2. Select the WDS Setup tab to enter the WDS setup page.

Figure 36 Enabling WDS service

3. Select the radio for which WDS is to be enabled.

4. Click Enable.

Configuring the repeater service

To configure the repeater service, configure WDS and wireless access service on the same radio of an AP, and configure the radio to use a fixed channel.

· For how to configure wireless access service for the repeater, see "

· The interface types and output information vary by device model and radio type.

· Configuring access service."

· For how to configure WDS for the repeater, see "Configuring WDS service."

After completing the above configurations, select Summary > Radio from the navigation tree to enter the page shown in Figure 37. On the page, you can see that the 802.11n radio of the repeater provides both access and WDS services.

Figure 37 Repeater mode

Wireless access configuration examples

Wireless service configuration example

Network requirements

As shown in Figure 38, enable the client to access the internal network resources at any time. The AP provides plain-text wireless access service with SSID service1. 802.11n is adopted.

Figure 38 Network diagram

Configuring the AP

1. Assign an IP address to the fat AP:

a. Select Network > VLAN to create a VLAN on the fat AP.

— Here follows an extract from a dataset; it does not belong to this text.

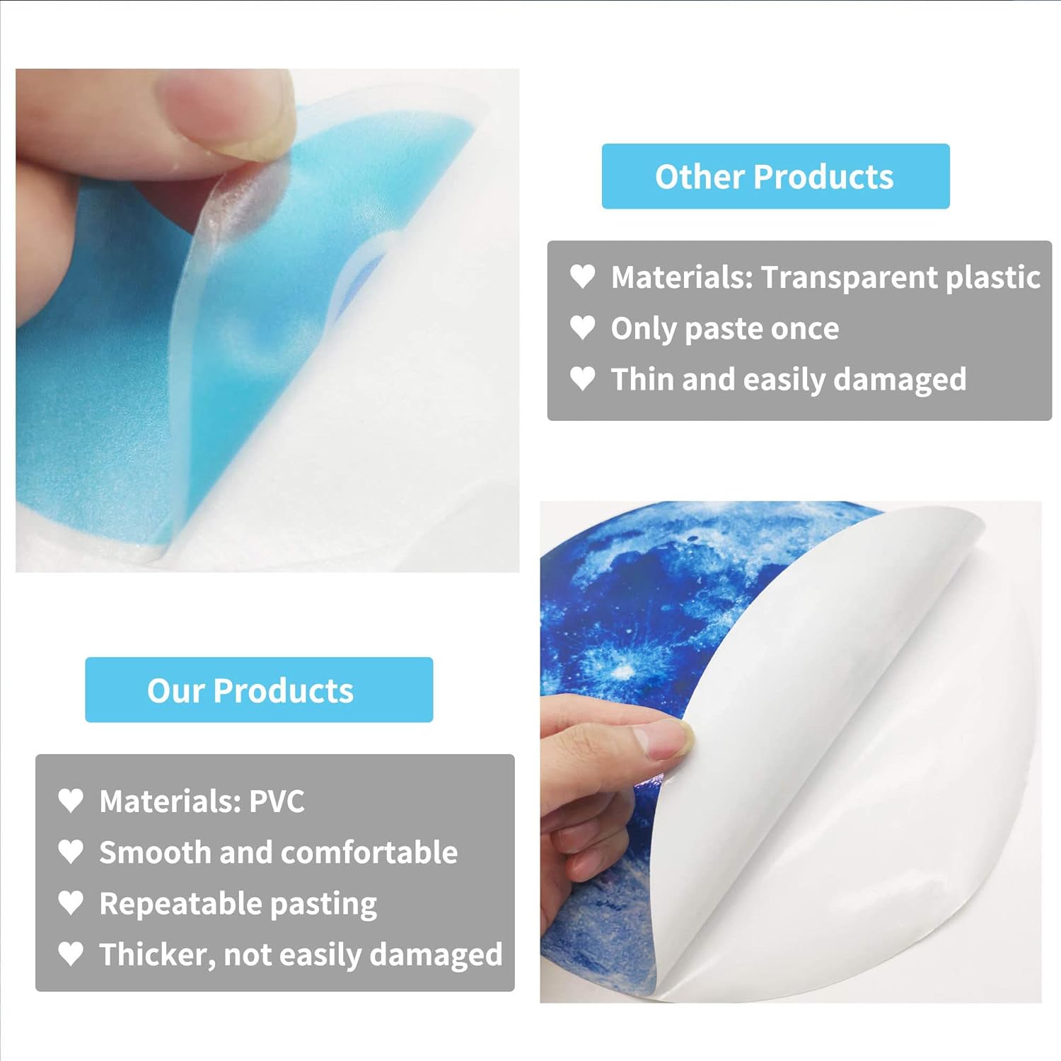 - Sky Blue Moon and Stars,Solar System Decoration Design:High-quality stars and a full moon can help you create the more realistic star gazing experience. Place it under a light source to absorb light for a while, it will glow in the dark. The natural flashing starry sky adds charm to any room in your home

b. Select Device > Interface Management to assign an IP address to the VLAN interface.

2. Configure a wireless service:

a. Select Wireless Service > Access Service from the navigation tree.

b. Click Add.

c. On the page that appears, enter the service name service1, select the wireless service type clear, and click Apply.

Figure 39 Creating a wireless service

3. Bind an AP radio to a wireless service:

a. Select Wireless Service > Access Service from the navigation tree.

b. Click the icon for the wireless service service1 to enter the page as shown in Figure 40.

c. Select the box with radio mode 802.11n.

d. Click Bind.

Figure 40 Binding an AP radio to a wireless service

4. Enable the wireless service:

a. Select Wireless Service > Access Service from the navigation tree to enter the page for enabling wireless service.

b. Select the service1 box.

c. Click Enable.

Figure 41 Enabling the wireless service

5. Optional: Enable 802.11n radio (By default, 802.11n radio is enabled.)

Select Radio > Radio from the navigation tree to enter the Radio page. Make sure 802.11n radio is enabled.

Figure 42 Enabling 802.11n radio

Verifying the configuration

· The client can successfully associate with the AP and access the WLAN network.

· You can view the online clients on the page that you enter by selecting Summary > Client from the navigation tree.

Figure 43 Viewing the online clients

Configuration guidelines

Follow these guidelines when you configure a wireless service:

· Select a correct district code.

· Make sure the radio unit is enabled.